*PROBLEM DETAILS*.
In the material below, find the line with "三军兵符的价值主要体现在武将" and the line with "ヘコむあだ名 | 『とうにー』『つくし』『とうお』 |". Output exactly those two lines and all lines between them, leaving out pictures.

*PROVIDED DATA*.
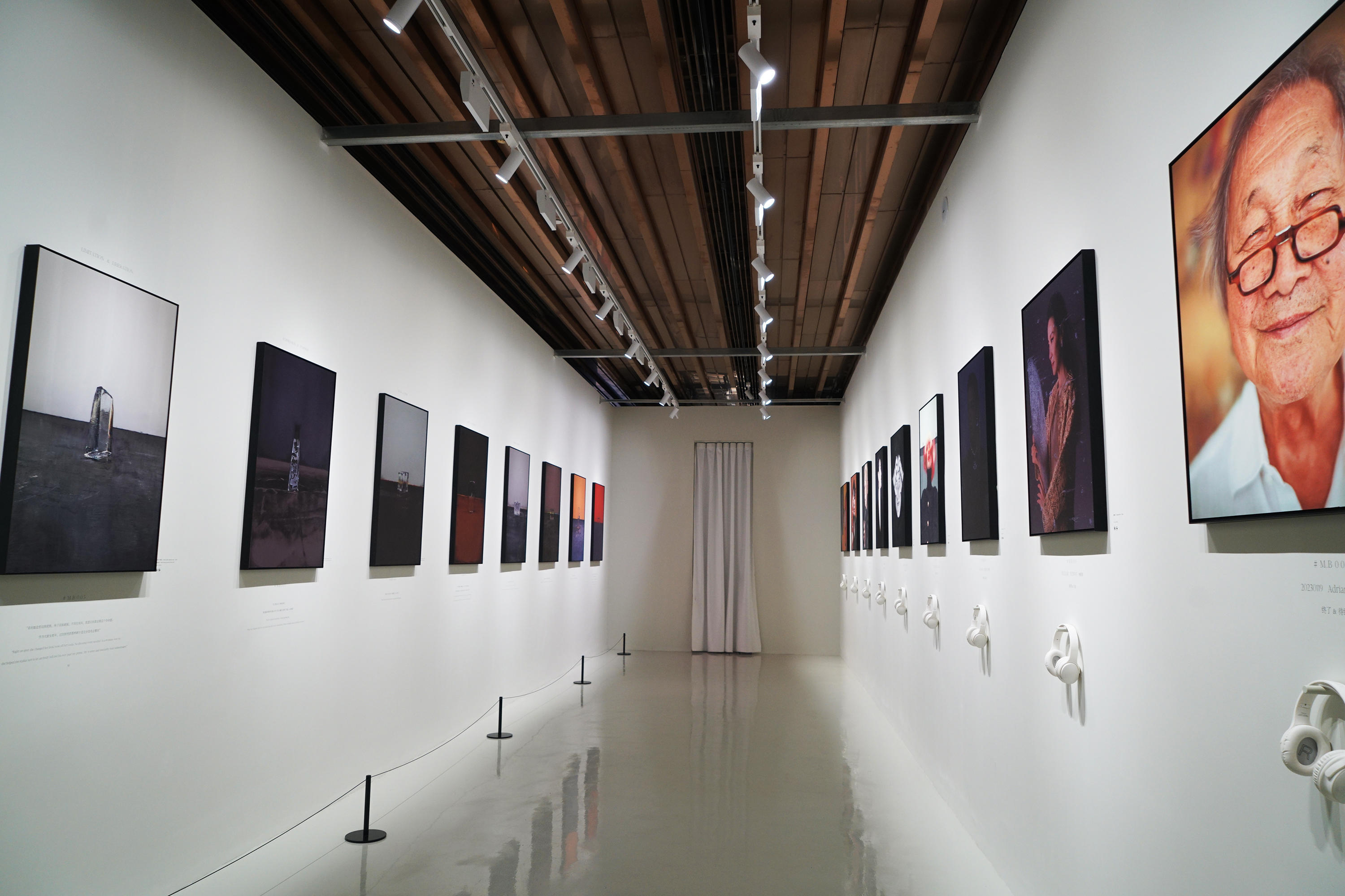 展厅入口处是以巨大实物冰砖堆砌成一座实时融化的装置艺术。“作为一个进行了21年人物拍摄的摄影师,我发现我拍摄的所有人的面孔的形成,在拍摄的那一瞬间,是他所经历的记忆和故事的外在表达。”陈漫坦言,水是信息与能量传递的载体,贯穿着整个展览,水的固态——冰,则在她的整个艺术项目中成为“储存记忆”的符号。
* * *
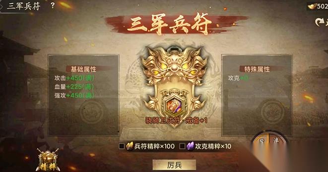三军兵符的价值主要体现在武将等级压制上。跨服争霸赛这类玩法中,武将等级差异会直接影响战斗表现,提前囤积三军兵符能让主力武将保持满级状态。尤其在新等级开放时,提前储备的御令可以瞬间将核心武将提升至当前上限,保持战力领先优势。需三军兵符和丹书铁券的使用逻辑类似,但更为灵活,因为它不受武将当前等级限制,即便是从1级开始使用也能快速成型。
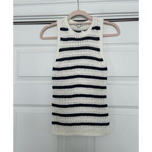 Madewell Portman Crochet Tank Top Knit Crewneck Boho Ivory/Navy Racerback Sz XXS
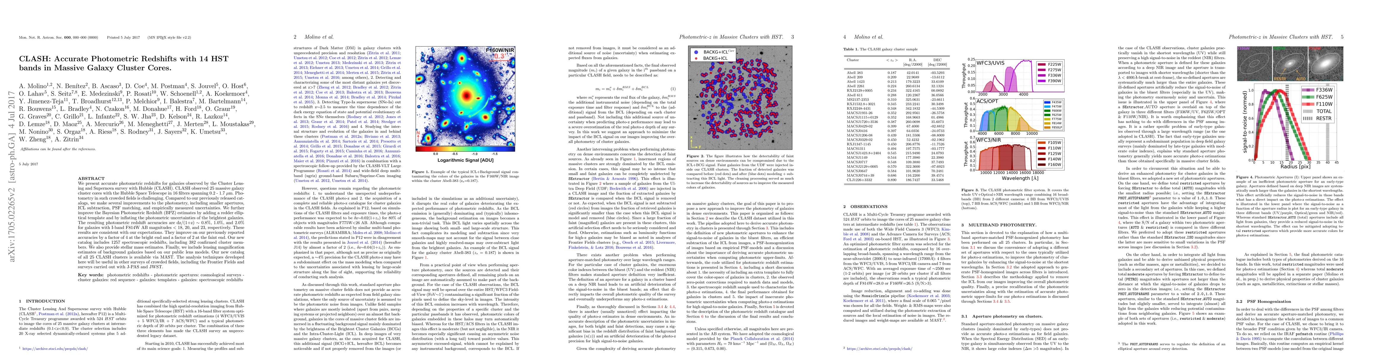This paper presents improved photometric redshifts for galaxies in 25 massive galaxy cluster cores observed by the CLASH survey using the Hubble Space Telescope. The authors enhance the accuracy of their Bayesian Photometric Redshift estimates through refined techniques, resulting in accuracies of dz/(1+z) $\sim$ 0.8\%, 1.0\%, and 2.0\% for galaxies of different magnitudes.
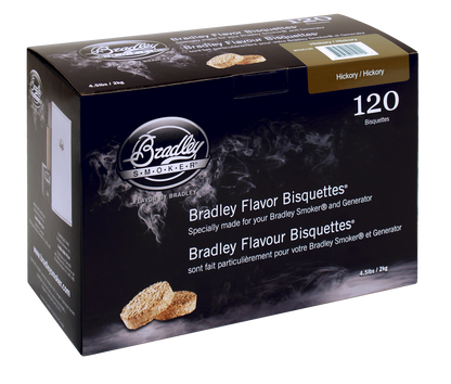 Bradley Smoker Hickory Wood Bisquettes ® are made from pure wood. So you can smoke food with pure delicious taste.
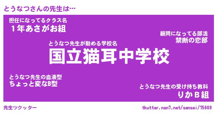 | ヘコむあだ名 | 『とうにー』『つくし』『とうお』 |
---
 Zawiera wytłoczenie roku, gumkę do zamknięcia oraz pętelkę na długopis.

*TASK RESPONSE*.
三军兵符的价值主要体现在武将等级压制上。跨服争霸赛这类玩法中,武将等级差异会直接影响战斗表现,提前囤积三军兵符能让主力武将保持满级状态。尤其在新等级开放时,提前储备的御令可以瞬间将核心武将提升至当前上限,保持战力领先优势。需三军兵符和丹书铁券的使用逻辑类似,但更为灵活,因为它不受武将当前等级限制,即便是从1级开始使用也能快速成型。
 Madewell Portman Crochet Tank Top Knit Crewneck Boho Ivory/Navy Racerback Sz XXS
This paper presents improved photometric redshifts for galaxies in 25 massive galaxy cluster cores observed by the CLASH survey using the Hubble Space Telescope. The authors enhance the accuracy of their Bayesian Photometric Redshift estimates through refined techniques, resulting in accuracies of dz/(1+z) $\sim$ 0.8\%, 1.0\%, and 2.0\% for galaxies of different magnitudes.
 Bradley Smoker Hickory Wood Bisquettes ® are made from pure wood. So you can smoke food with pure delicious taste.
 | ヘコむあだ名 | 『とうにー』『つくし』『とうお』 |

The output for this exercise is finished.